ABOUT THIS TASK: Would you set down the whole listing again exactly as it appears?

DATA FOR THIS TASK:
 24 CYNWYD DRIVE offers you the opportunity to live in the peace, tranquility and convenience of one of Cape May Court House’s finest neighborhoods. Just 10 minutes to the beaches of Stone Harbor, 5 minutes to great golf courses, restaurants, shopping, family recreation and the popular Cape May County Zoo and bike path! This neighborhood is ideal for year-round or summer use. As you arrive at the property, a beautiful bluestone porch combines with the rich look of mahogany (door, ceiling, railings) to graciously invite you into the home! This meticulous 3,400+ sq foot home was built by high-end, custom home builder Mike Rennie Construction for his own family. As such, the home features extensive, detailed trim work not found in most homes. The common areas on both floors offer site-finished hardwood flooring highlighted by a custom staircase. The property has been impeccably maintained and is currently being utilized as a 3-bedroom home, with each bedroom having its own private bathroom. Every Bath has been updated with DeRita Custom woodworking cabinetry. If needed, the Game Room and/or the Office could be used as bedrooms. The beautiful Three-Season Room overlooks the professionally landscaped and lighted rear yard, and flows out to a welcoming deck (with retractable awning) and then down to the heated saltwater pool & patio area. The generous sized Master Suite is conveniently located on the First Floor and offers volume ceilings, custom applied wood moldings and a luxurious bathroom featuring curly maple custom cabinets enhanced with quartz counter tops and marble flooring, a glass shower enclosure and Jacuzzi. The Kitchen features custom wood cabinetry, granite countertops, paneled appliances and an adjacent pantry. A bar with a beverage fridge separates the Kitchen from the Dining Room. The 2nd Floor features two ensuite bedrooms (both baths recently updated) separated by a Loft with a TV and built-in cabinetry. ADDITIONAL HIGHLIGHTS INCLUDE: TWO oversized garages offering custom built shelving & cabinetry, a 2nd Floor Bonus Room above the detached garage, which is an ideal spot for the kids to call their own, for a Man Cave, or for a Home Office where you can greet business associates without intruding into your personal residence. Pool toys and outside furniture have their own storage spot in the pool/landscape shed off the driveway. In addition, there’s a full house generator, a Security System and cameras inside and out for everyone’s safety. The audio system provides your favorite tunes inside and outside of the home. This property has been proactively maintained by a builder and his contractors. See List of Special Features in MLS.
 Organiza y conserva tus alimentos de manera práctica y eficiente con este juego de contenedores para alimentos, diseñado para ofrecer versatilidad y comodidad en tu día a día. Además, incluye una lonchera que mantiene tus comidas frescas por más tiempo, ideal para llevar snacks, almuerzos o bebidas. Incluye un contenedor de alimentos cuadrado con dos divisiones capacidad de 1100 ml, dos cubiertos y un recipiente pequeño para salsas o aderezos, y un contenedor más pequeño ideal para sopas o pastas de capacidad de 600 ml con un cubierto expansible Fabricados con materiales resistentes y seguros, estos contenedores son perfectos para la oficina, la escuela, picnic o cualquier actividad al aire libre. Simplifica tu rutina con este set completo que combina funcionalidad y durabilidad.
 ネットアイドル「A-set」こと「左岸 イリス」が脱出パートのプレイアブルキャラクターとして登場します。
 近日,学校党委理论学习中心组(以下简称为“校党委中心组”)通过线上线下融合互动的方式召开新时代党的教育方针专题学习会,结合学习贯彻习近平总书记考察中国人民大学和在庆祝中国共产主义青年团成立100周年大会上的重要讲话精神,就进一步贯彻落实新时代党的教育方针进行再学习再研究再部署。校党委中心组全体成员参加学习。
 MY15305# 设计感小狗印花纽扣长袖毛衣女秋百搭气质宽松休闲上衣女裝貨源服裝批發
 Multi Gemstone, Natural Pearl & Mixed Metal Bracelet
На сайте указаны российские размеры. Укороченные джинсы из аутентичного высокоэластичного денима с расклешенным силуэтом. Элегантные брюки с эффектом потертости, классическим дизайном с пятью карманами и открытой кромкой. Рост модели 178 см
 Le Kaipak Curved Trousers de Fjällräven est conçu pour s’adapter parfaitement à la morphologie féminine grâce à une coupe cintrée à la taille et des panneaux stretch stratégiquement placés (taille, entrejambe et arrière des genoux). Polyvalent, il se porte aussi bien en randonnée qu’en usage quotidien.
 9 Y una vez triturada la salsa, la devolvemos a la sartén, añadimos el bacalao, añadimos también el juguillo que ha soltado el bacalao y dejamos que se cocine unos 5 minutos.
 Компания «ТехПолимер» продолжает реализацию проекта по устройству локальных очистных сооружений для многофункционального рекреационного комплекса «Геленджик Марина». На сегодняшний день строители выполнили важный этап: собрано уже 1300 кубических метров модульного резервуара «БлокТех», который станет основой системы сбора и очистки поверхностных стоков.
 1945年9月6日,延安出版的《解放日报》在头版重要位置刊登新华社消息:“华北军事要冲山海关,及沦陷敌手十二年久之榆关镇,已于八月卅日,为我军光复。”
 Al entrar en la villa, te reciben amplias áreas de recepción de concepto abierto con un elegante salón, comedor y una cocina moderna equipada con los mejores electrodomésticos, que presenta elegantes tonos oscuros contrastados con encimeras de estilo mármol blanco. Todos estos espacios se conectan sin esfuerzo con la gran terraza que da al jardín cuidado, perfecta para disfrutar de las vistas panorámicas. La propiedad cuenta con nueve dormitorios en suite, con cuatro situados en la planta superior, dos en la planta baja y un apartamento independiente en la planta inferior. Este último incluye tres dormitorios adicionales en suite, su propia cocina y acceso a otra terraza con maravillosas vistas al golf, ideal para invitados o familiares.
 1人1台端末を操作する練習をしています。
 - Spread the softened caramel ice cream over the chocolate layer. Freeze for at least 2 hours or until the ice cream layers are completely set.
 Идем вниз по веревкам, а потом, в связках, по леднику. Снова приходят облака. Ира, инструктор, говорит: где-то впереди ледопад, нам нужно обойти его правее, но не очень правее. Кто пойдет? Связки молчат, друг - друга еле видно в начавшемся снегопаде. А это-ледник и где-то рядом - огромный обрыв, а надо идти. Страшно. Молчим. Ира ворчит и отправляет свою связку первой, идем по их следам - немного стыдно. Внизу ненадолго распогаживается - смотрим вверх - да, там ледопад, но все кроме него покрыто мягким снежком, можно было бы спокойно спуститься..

ANSWER AREA:
 24 CYNWYD DRIVE offers you the opportunity to live in the peace, tranquility and convenience of one of Cape May Court House’s finest neighborhoods. Just 10 minutes to the beaches of Stone Harbor, 5 minutes to great golf courses, restaurants, shopping, family recreation and the popular Cape May County Zoo and bike path! This neighborhood is ideal for year-round or summer use. As you arrive at the property, a beautiful bluestone porch combines with the rich look of mahogany (door, ceiling, railings) to graciously invite you into the home! This meticulous 3,400+ sq foot home was built by high-end, custom home builder Mike Rennie Construction for his own family. As such, the home features extensive, detailed trim work not found in most homes. The common areas on both floors offer site-finished hardwood flooring highlighted by a custom staircase. The property has been impeccably maintained and is currently being utilized as a 3-bedroom home, with each bedroom having its own private bathroom. Every Bath has been updated with DeRita Custom woodworking cabinetry. If needed, the Game Room and/or the Office could be used as bedrooms. The beautiful Three-Season Room overlooks the professionally landscaped and lighted rear yard, and flows out to a welcoming deck (with retractable awning) and then down to the heated saltwater pool & patio area. The generous sized Master Suite is conveniently located on the First Floor and offers volume ceilings, custom applied wood moldings and a luxurious bathroom featuring curly maple custom cabinets enhanced with quartz counter tops and marble flooring, a glass shower enclosure and Jacuzzi. The Kitchen features custom wood cabinetry, granite countertops, paneled appliances and an adjacent pantry. A bar with a beverage fridge separates the Kitchen from the Dining Room. The 2nd Floor features two ensuite bedrooms (both baths recently updated) separated by a Loft with a TV and built-in cabinetry. ADDITIONAL HIGHLIGHTS INCLUDE: TWO oversized garages offering custom built shelving & cabinetry, a 2nd Floor Bonus Room above the detached garage, which is an ideal spot for the kids to call their own, for a Man Cave, or for a Home Office where you can greet business associates without intruding into your personal residence. Pool toys and outside furniture have their own storage spot in the pool/landscape shed off the driveway. In addition, there’s a full house generator, a Security System and cameras inside and out for everyone’s safety. The audio system provides your favorite tunes inside and outside of the home. This property has been proactively maintained by a builder and his contractors. See List of Special Features in MLS.
 Organiza y conserva tus alimentos de manera práctica y eficiente con este juego de contenedores para alimentos, diseñado para ofrecer versatilidad y comodidad en tu día a día. Además, incluye una lonchera que mantiene tus comidas frescas por más tiempo, ideal para llevar snacks, almuerzos o bebidas. Incluye un contenedor de alimentos cuadrado con dos divisiones capacidad de 1100 ml, dos cubiertos y un recipiente pequeño para salsas o aderezos, y un contenedor más pequeño ideal para sopas o pastas de capacidad de 600 ml con un cubierto expansible Fabricados con materiales resistentes y seguros, estos contenedores son perfectos para la oficina, la escuela, picnic o cualquier actividad al aire libre. Simplifica tu rutina con este set completo que combina funcionalidad y durabilidad.
 ネットアイドル「A-set」こと「左岸 イリス」が脱出パートのプレイアブルキャラクターとして登場します。
 近日,学校党委理论学习中心组(以下简称为“校党委中心组”)通过线上线下融合互动的方式召开新时代党的教育方针专题学习会,结合学习贯彻习近平总书记考察中国人民大学和在庆祝中国共产主义青年团成立100周年大会上的重要讲话精神,就进一步贯彻落实新时代党的教育方针进行再学习再研究再部署。校党委中心组全体成员参加学习。
 MY15305# 设计感小狗印花纽扣长袖毛衣女秋百搭气质宽松休闲上衣女裝貨源服裝批發
 Multi Gemstone, Natural Pearl & Mixed Metal Bracelet
На сайте указаны российские размеры. Укороченные джинсы из аутентичного высокоэластичного денима с расклешенным силуэтом. Элегантные брюки с эффектом потертости, классическим дизайном с пятью карманами и открытой кромкой. Рост модели 178 см
 Le Kaipak Curved Trousers de Fjällräven est conçu pour s’adapter parfaitement à la morphologie féminine grâce à une coupe cintrée à la taille et des panneaux stretch stratégiquement placés (taille, entrejambe et arrière des genoux). Polyvalent, il se porte aussi bien en randonnée qu’en usage quotidien.
 9 Y una vez triturada la salsa, la devolvemos a la sartén, añadimos el bacalao, añadimos también el juguillo que ha soltado el bacalao y dejamos que se cocine unos 5 minutos.
 Компания «ТехПолимер» продолжает реализацию проекта по устройству локальных очистных сооружений для многофункционального рекреационного комплекса «Геленджик Марина». На сегодняшний день строители выполнили важный этап: собрано уже 1300 кубических метров модульного резервуара «БлокТех», который станет основой системы сбора и очистки поверхностных стоков.
 1945年9月6日,延安出版的《解放日报》在头版重要位置刊登新华社消息:“华北军事要冲山海关,及沦陷敌手十二年久之榆关镇,已于八月卅日,为我军光复。”
 Al entrar en la villa, te reciben amplias áreas de recepción de concepto abierto con un elegante salón, comedor y una cocina moderna equipada con los mejores electrodomésticos, que presenta elegantes tonos oscuros contrastados con encimeras de estilo mármol blanco. Todos estos espacios se conectan sin esfuerzo con la gran terraza que da al jardín cuidado, perfecta para disfrutar de las vistas panorámicas. La propiedad cuenta con nueve dormitorios en suite, con cuatro situados en la planta superior, dos en la planta baja y un apartamento independiente en la planta inferior. Este último incluye tres dormitorios adicionales en suite, su propia cocina y acceso a otra terraza con maravillosas vistas al golf, ideal para invitados o familiares.
 1人1台端末を操作する練習をしています。
 - Spread the softened caramel ice cream over the chocolate layer. Freeze for at least 2 hours or until the ice cream layers are completely set.
 Идем вниз по веревкам, а потом, в связках, по леднику. Снова приходят облака. Ира, инструктор, говорит: где-то впереди ледопад, нам нужно обойти его правее, но не очень правее. Кто пойдет? Связки молчат, друг - друга еле видно в начавшемся снегопаде. А это-ледник и где-то рядом - огромный обрыв, а надо идти. Страшно. Молчим. Ира ворчит и отправляет свою связку первой, идем по их следам - немного стыдно. Внизу ненадолго распогаживается - смотрим вверх - да, там ледопад, но все кроме него покрыто мягким снежком, можно было бы спокойно спуститься..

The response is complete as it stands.